Under crop insurance farmers may buy CRC or the harvest price option so
that when prices increase it does not eliminate crop insurance payments
but does the opposite by increasing payments. When farmers have no
yield is when they have the greatest need for cash.
- There is larger
negative price-yield correlation at the state level in core growing
states, i.e. Iowa corn, Kansas wheat, etc. It is likely this
negative-price yield correlation has increased because there is very
little carry over causing very tight stock-to-use ratios. This means low
crop yields in those states often cause prices to increase and eliminate
ACRE payments as occurred on the 2007 Kansas wheat crop.
- In 2007 Kansas
wheat yields were good in NW Kansas but not central Kansas. Acre would
not have paid and those central Kansas wheat farmers would have had major
losses without crop insurance payments.
Conclusion: It
does not appear that ACRE will be a major competitor for crop insurance.
However, ACRE may cause some farmers to drop their crop insurance coverage
because they believe crop insurance is overrated in their area. There is
evidence to support the argument that in some counties the expected county
yield is overstated for GRIP/GRP but in other counties it is understated.
University of Illinois on their WEB site FarmDoc will even identify the
counties with overstated county yields, making it easier to adverse select.
The APH programs are more difficult to rate with short run yield problems.

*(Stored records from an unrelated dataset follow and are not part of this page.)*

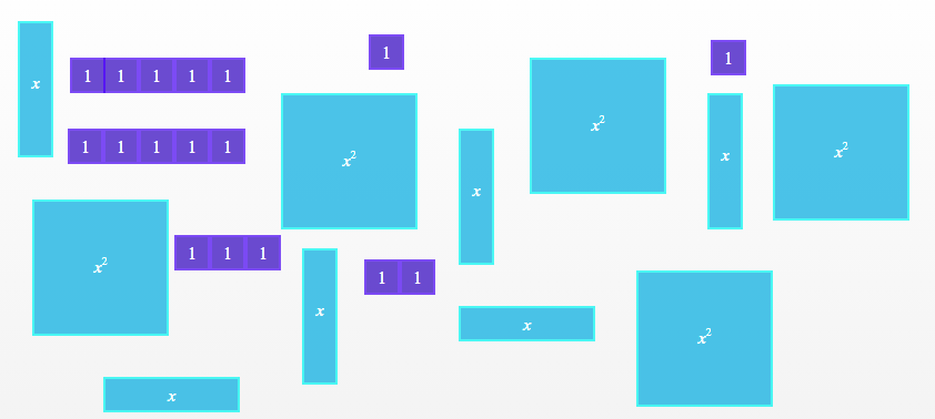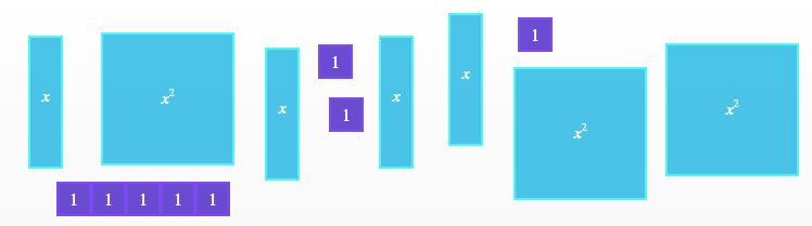 Match the following groups of algebra tiles with the algebraic expression that represents their area.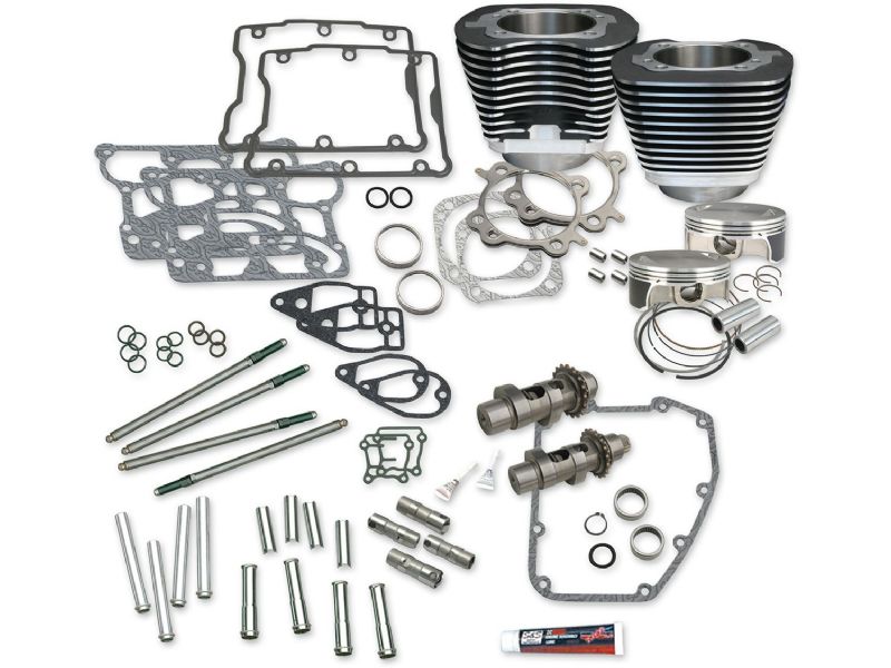 Kit includes; S&S cylinders with gaskets, piston set with rings, top end gasket kit, pushrods, tappets, 585CE chain-drive easy start cams and instructions
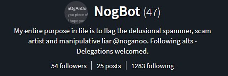 List of all @noganoo accounts: https://anotepad.com/notes/dpt43c (More than 600) Every user is being followed by @nogbot and some are following @nogalert. Every user upvoted the @noganoo posts

In any case there maybe an argument that the ACRE program will put greater
pressure on rating accuracy. When allowed to work even Washington can not
ignore the judgment of the market!
Will ACRE work on
Kansas wheat? Yes.
The method for setting
expected Kansas wheat yields was changed from the original proposal. The
new method is more favorable to Kansas wheat.
The strike price for
ACRE is a two year average of the prior two years so when prices start to
fall farmers will have a lower expected price. Farmers are in effect buying
an in-the-money put option on expected state revenue. However, because of
the negative price-yield correlation on Kansas wheat, I would suggest
locking in the expected payment with the purchase of a call option.
So it will depend on
the market, if farmers should select ACRE on wheat the first year. It will
also depend on the markets for the other crops. So one may get a different
answer if a farmer’s dominate crop is wheat versus corn.
Conclusion:
ACRE is not a “no brainier” on Kansas wheat. Over the last 28 years
the reduction in direct payments would have equaled the sum of the ACRE
payments. However, once prices start to decline, then farmers will be able
to adverse select on ACRE and there is a 10% cup on the guarantee. The only
thing that would have made ACRE better for farmers would have been if
farmers could select individual crops for ACRE and not all crops, and if
they could switch back to the direct payment in future years.
On must also remember
there is a 10% cap, so in some years it is possible the expected market
price will be higher than the ACRE strike price. Therefore, farmers are
effectively buying an out-of-the-money put option on state yields. In those
years ACRE will provide little risk protection.